Ratty spoke about Terrible Tilly, sharing lighthouse stories for half-an-hour to a rapt audience. He recalled his grandfather who spent time at the lighthouse, describing what it was like to get to there and life on the rock. He vividly described what it must have been like during the violent winter storms when waves and ocean spray likely crashed in from the top, dousing the keepers with icy water and imperiling their very lives.

He spoke of the gravity-fed outhouse on the lighthouse site, and Franklin Delano Roosevelt’s decision to merge the lighthouse service with the Coast Guard in 1939.

“Not a popular decision with the Coast Guard at the time,” Ratty opined.

Decades ago, the federal government declared the site surplus, and it was sold, several times. Mimi Morrisette, a resident of Cannon Beach, is Terrible Tilly’s current owner. In 1980, she and a business partner, with the help of some investors, purchased the property, sight unseen.
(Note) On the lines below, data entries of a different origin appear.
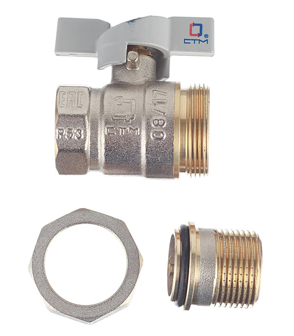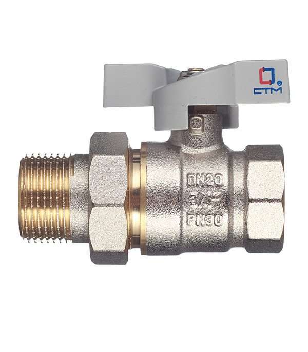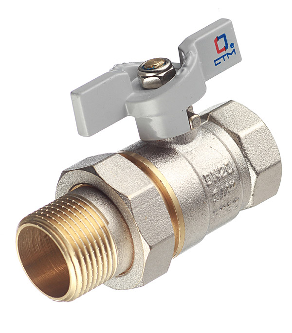 Кран шаровой латунный СТМ 3/4 ВР(г) х 3/4 НР(ш) бабочка с полусгоном прямой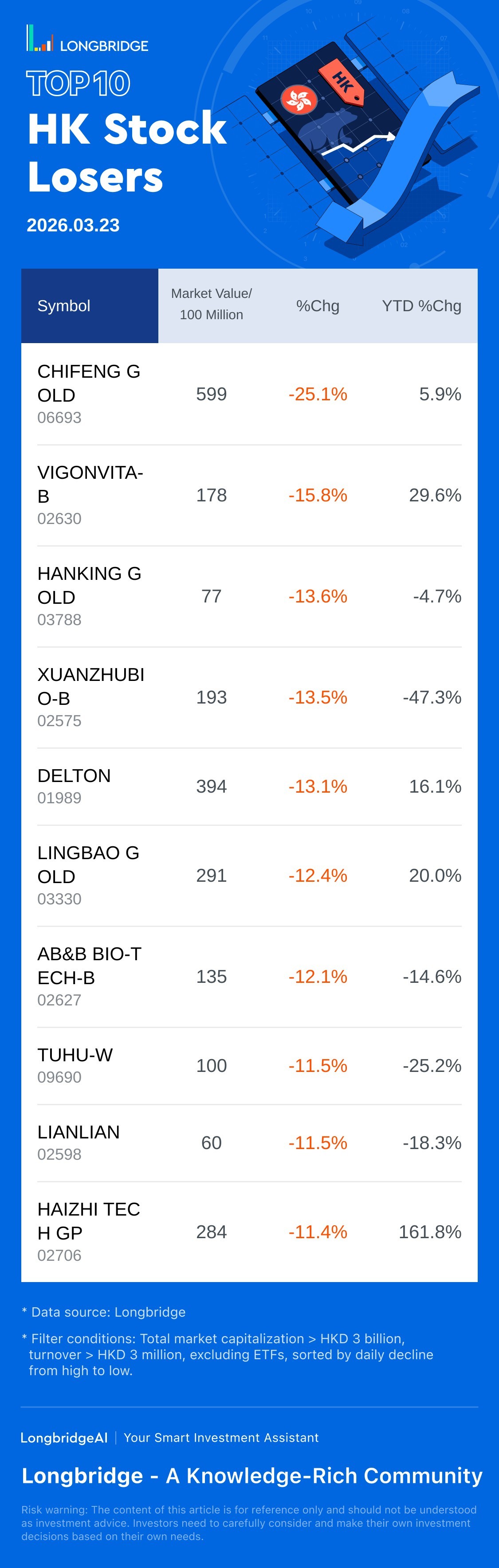 CHIFENG GOLD(06693) fell 25.1%, with a trading turnover 1.4 Billion HKD, and a year-to-date rose 5.9%.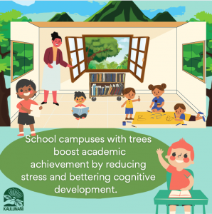 - School greenspace positively impacts student performance (Kuo et al, 2018; Kuo et al, 2021).

Morrisette’s plan was to turn the place into a columbarium to be called Eternity at Sea. Sadly, there were paperwork issues and vandals broke in. A few urns are said to have gone missing. According to a story published in the Astorian last January, Morrisette intends to restore the storm-battered lighthouse and revive the columbarium.
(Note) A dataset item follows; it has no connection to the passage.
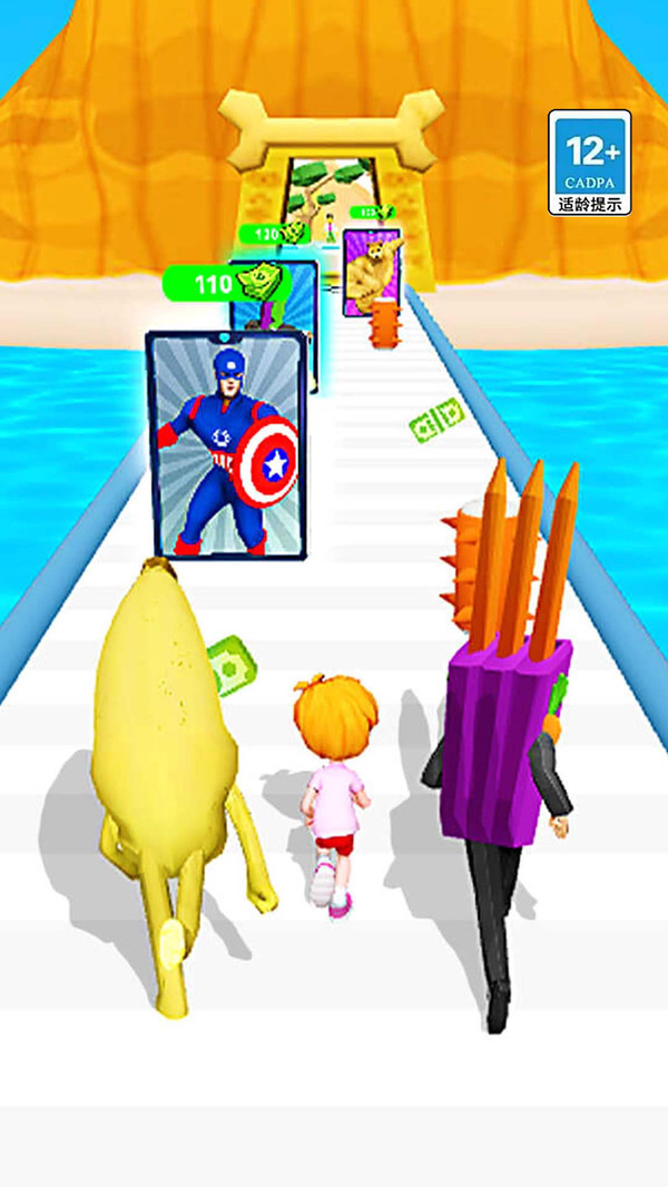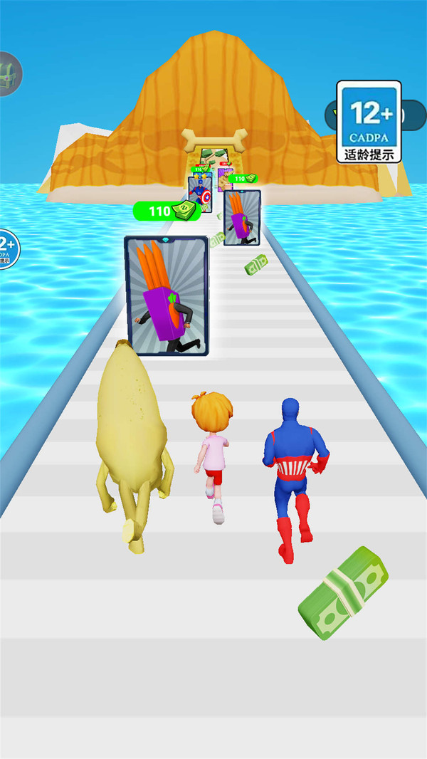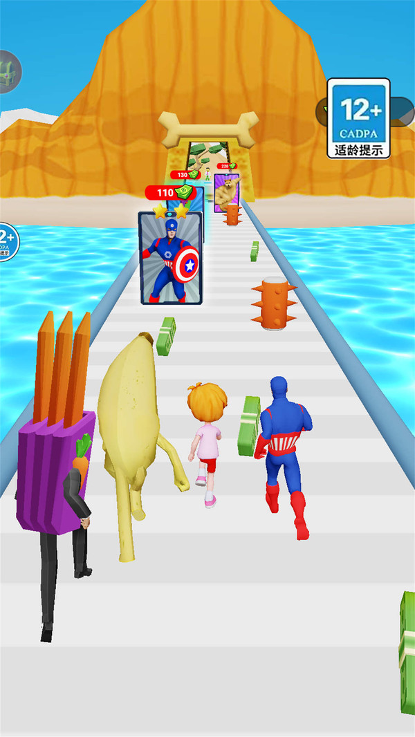 1.玩家控制活泼可爱的香蕉人进行有趣的跑酷。

Although “Tillamook Rock Lighthouse” is a nonfiction work, as an author, Ratty said he’s partial to writing historical fiction featuring bold characters. He describes himself as a disciplined writer who writes new material in the mornings and revises in the afternoons. Once a chapter is completed, he hands it over to Tess, his wife, who gives him guidance, comments, and corrections.

Is the lighthouse haunted? someone from the book group wanted to know. This rumor is popular as sometimes it appears a light is shining from within.

Ratty declined to offer his opinion on that subject.

“I’m not a lighthouse expert,” he said, smiling.

He said what he most enjoyed about writing “Tillamook Rock Lighthouse” is that he employed not only his own voice, but voices of real people who had a genuine connection to the lighthouse. Terrible Tilly received its dread-filled nickname as a result of the shattering experiences of those keepers who lived and worked on the site during fearsome, pounding storms. Back in the day, once you were on the rock, there was no way off save by boat, and with no way to call for help, keepers had no choice except to ride the storms out. Some did pay the ultimate price — death — to keep the beacon burning.

These days, common murres and sea lions are the only known residents of the lighthouse.

“The sea lions have taken over,” Ratty said.